Wiser, a California start-up, is helping companies do just that.
Software engineers at Wiser have created Web-based software for companies’ sales websites that monitor competitors’ prices online, then changes their own price in response – higher or lower – to pull sales in their direction.
What Wiser discovered is the “Amazon.com” effect, where people would look up pricing on Amazon to see what was most reasonable to pay, such as the range of prices available for a specific product. Wiser wanted companies to have that same technology at their fingertips, for their own products.
Headquartered in San Francisco, the startup has attracted clients such as AT&T, Bugaboo (a stroller company), Sodastream, and many others.

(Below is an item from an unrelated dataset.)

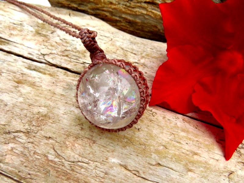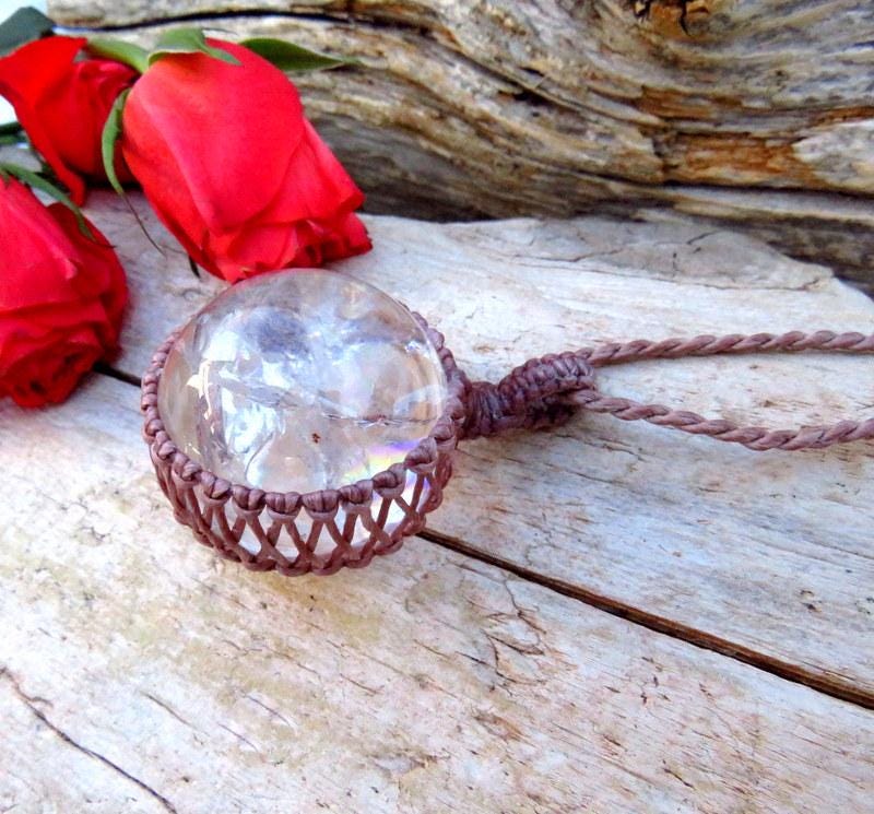 ✨ Fantastic clear Quartz sphere crystal necklace - This stunning Quartz crystal has a lot of magic inside and is full of rainbow prisms 🌈 This crystal is tingling with excitement to find its new owner✨ - Wrapped 100 % securely using the art of knot -tying or 'macrame.' **prettier in person!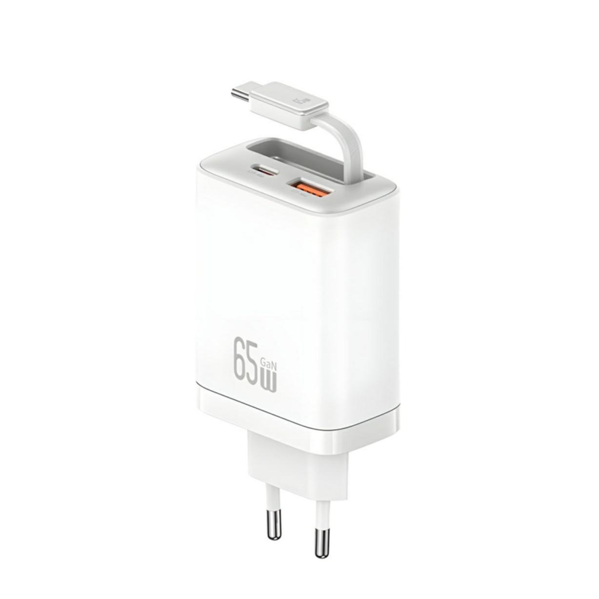 (65W) 3in1 2x USB C / 1x USB A GaN chargeur adaptateur secteur avec câble de charge rétractable + cordon d'alimentation (CC299TC02) - Blanc

The client can set the pricing engine’s rules – how much to increase or decrease pricing, relative to a competitor – and whether to do so automatically, or with the consent of the website manager. All changes are done in real-time.
Wiser’s website add-on also includes the option of tracking revenue.
A website cannot operate in a vacuum – it requires the user to tell it what it needs to do. Therefore, Wiser clients need to provide the pricing engine information about the target competitors: who they are, and what their websites are. That’s fine if there are a few dozen competitors. After a little time investment, and the site is up full-throttle.
Not so fine if a company is one of hundreds doing the same thing, at least in the beginning, where accumulating data could take some time.
Still, that hasn’t stopped companies from the US, UK, Australia, Germany, and Canada from utilizing the Wiser website integration.
What if there’s a small competitive base? Is it possible that a competitor could spot your conspicuous change in sales and pricing, immediately relative to their own, and suspect Wiser’s involvement?
Could they thus could purchase a website monitoring system themselves, and play the same game to undercut prices?
Min-Jee Hwang, Marketing Director for Wiser, says, “While repricing tools are a growing trend, it’s unlikely that two companies would be using it in the same way, for the same pricing strategy. For Wiser, the emphasis is on optimizing profit. In order to protect clients’ privacy, many sign non-disclosure agreements to ensure competitors do not discover their competitive advantage.”
Wiser has been trying to edge out its own competitors, in fact. Hwang says, “The repricing space has been growing, with other companies trying to hop on the bandwagon.”
Currently, says Hwang, Wiser monitors more than 45 million price points for clients.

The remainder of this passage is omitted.